Michelle Petersen – journalist and champion of innovation of health in pharma.  Michelle is founder of Health Innovations – A Platform to Enable All Sectors Within the Health Industry.  She is a prolific tweeter and brings a wealth of information on clinical trials and news from the pharmaceutical side of the industry.  Her blog is Health Innovations.  Follow her on twitter @shelleypetersen.   

Dr. Leslie Saxon – Lelsie works in the coolest place, the USC Centre for Body Computing – The CBC (not the Canadian Broadcasting Corporation) believes that technology solutions are not the problem (or the drivers of our terrific and ever rising health care costs), they are the solutions, and they represent the very best achievements in modern society.  The CBC is an innovation incubation center that commercializes wireless health products that will transcend policy and politics in the future.  She gave a great Ted Talk in 2010 on the need for technology in healthcare and provides a plain-speak explanation of why we shouldn't put patients in ‘information purgatory’.  Leslie is working in this rapidly emerging environment and her tweets highlight how quickly technology is driving the future of healthcare.  Follow her @DrLeslieSaxon. 
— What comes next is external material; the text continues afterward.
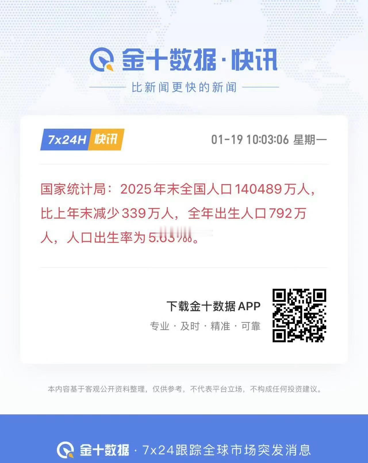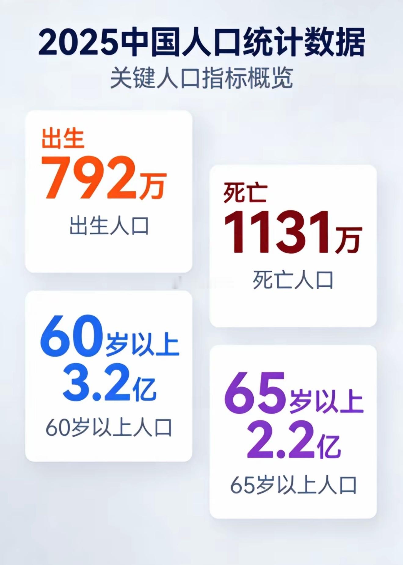 国家统计局:2025年末全国人口140489万人,比上年末减少339万人,全年出生人口792万人,人口出生率为5.63‰

Jane Sarasohn-Kahn  - Healthy thinker – Jane is a health economist who works at the intersection of health and technology (my favourite corner).  In her most recent blog The future of sensors in health care – passive, designed, integrated, she explores how sensors will help consumers monitor and manage their health conditions.  Love the infographic too.  You can follow Jane @healthythinker or check out her website Health Populi

As my final shout-out in honour of International Women’s Day, I would like recognize the recently launched project, Chime for Change.   Despite the glossy celebrity endorsements, I’m optimistic that some awareness and good work may emerge from the effort.  The six women that I've highlighted are all North American women (Esther is Swiss born but a native of NYC now) a fact that does not escape me and I believe highlights the global aspect of gender inequality in science and technology.  We are so fortunate to live in a time and space where the contributions of women in science and technology are celebrated and their voices are heard, but not all women and girls have the same opportunities.  View the video, and if you see value in the effort, give them a follow @chimeforchange.  

As Hillary Clinton said  “It is past time for women to take their rightful place, side by side with men, in the rooms where the fates of peoples, where their children's and grandchildren's fates, are decided.”

It’s your health.  It’s your health information.  Manage it well.